The Desert

The Desert

Wednesday, November 01, 2006

Well, I went to the doctor today. I am 16 weeks pregnant. I was concerned as I had had some bleeding last week after a night when I had done something private with my husband...The doctor doesn't seem to be overly concerned but on Sunday I am going back to the doctor who gave us the 3D pictures for more tests and I am to ask him about the placenta, where it is sitting. If it is too low, it is called placenta previa and that could be why I bled. But she checked and it seems that I have blood on the outside of the cervix, which is not a big deal, I guess. In the meantime, David and I have to refrain from sex until I see the other doctor and we can determine whether or not the placenta is low. I told David, that this child is already ruining our sex life...And making me worry constantly about it...
I am still pretty tired. I seem to need a lot of sleep. This morning I woke up at 8:30 because I had the doctors appointment today. That means I had about 7 hours of sleep. That just isn't enough anymore. I am pretty tired now. I am making soup for lunch for Emil and I and I am also going to have a grilled cheese sandwich fried in a pan to go with it. I notice that when I get hungry now, it starts as a pang and then it gets crazy ravenous in a very short period of time. The other day I went to get my hair highlighted and it took 2 and a half hours and I didn't eat before I went and I was starving for the whole thing and all I could think about was leaving to go eat. It didn't help that the hair salon is right next to a pizza place and hamburger joint.
I have gained about 7 pounds from the beginning. Actually, I have gained 7 pounds in the last month. That is incredible. My stomach is definitely puffy now and it looks pregnant to me. It is kind of cool. But hard for someone who had struggled with self image problems all her life. That is why I went to get my hair done. I also got my eyebrows and mustache waxed too. It did help until I saw my stomach...Oh well, I will hopefully get used to it.
I am thrilled to have maternity clothes now. It is so much more comfortable. I still need to buy more. I went last week to a mall where I had never been in our city and where the only maternity shop that I am aware of is located. It was nice. Emil helped me pick out the clothes. I also bought a nursing bra, it was the only maternity bra that they had. It has lessened the pain of my breasts.
I am becoming more and more forgetful. Today I went to the doctor and my name wasn't on the list and I can't figure out if it was my mistake or theirs. I am pretty sure my appointment was for today, but I may have mixed it up. This is now a possibility. I am usually so good at remembering thing. Not so much now.
I have been watching Starting Over, we get all the old episodes.
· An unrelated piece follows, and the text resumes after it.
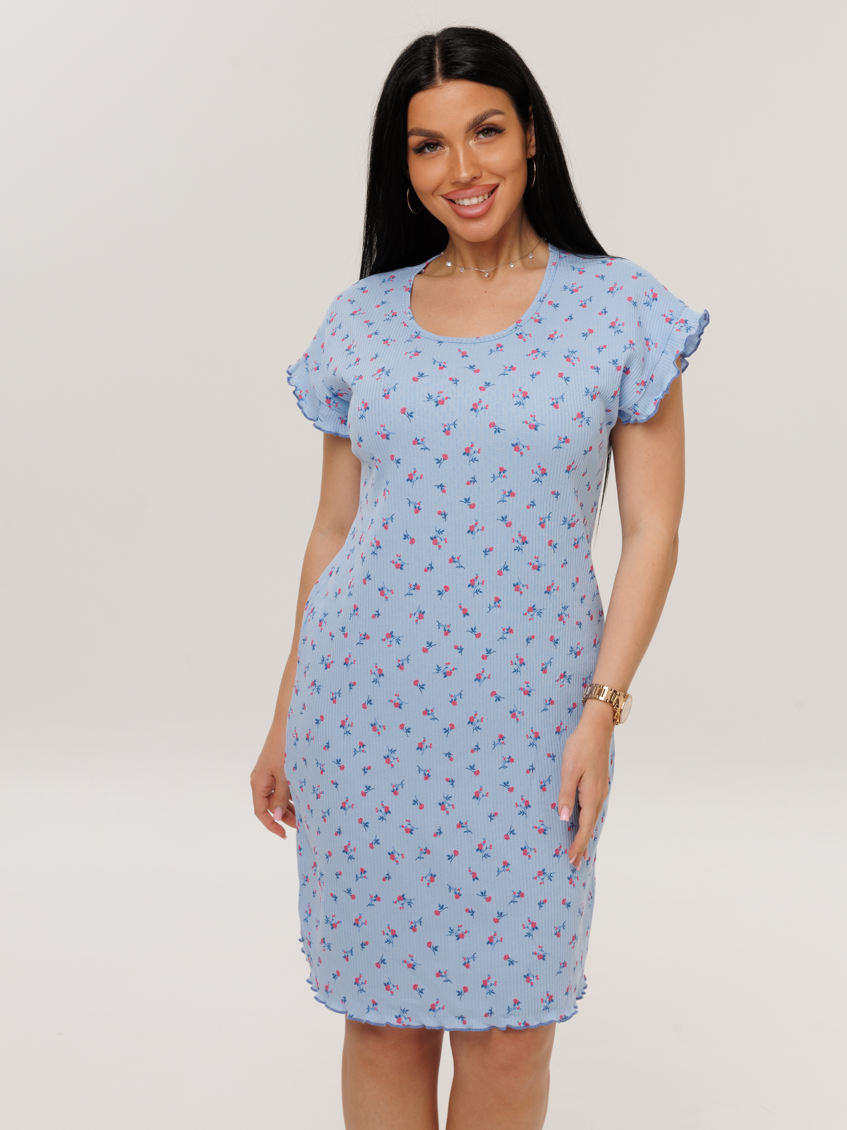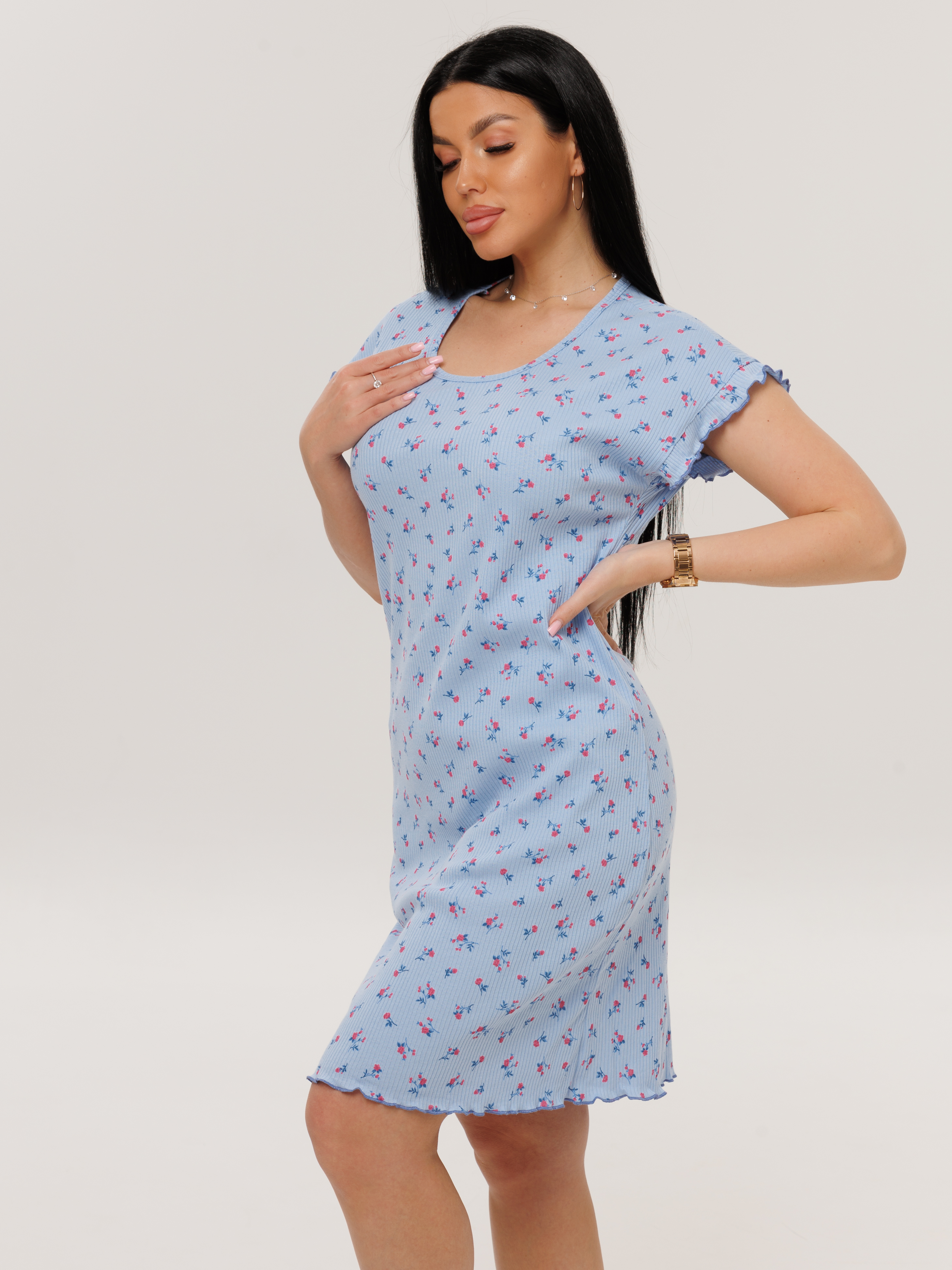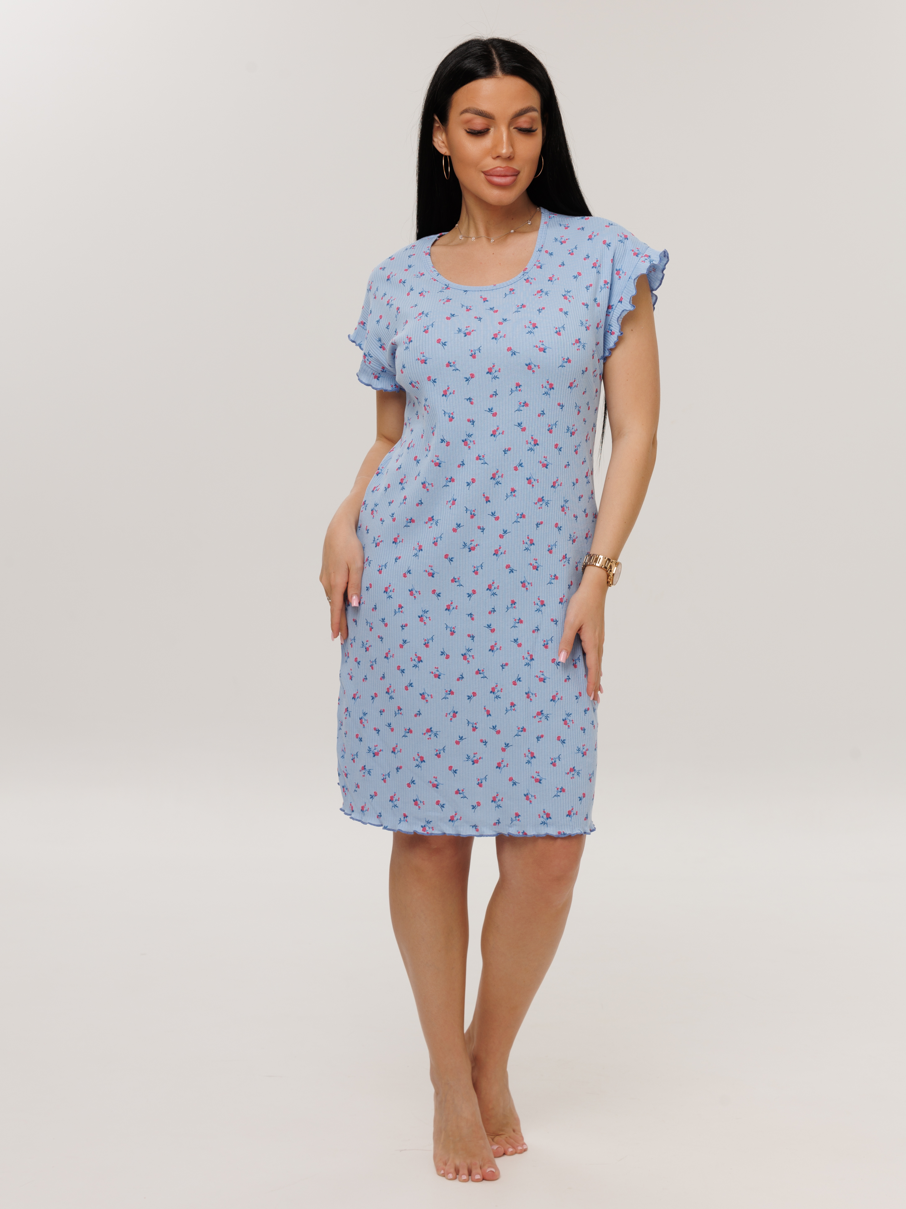 Женская сорочка Сор-107(Каш) / Светло-синий (мелкие цветы)

One of the girls, Josie had a baby and it does not look pleasant. It freaks me out. David just laughs when I tell him I want to keep the baby inside and let it be born from my head. I say I am going to just cough and it will be born, no pain, no trouble. It is scary having a baby. I told David that he has to be in the room the whole time and he doesn't get to leave for smoke breaks or anything! That's it. When we first met he said he wouldn't want to be in the room for the delivery, part of it had to do with Jewish law, but there are loopholes to that law and ways that you can still be in the room and be there. So he WILL be in the room, whether he likes it or not!
Well, that's the update on the pregnancy for now.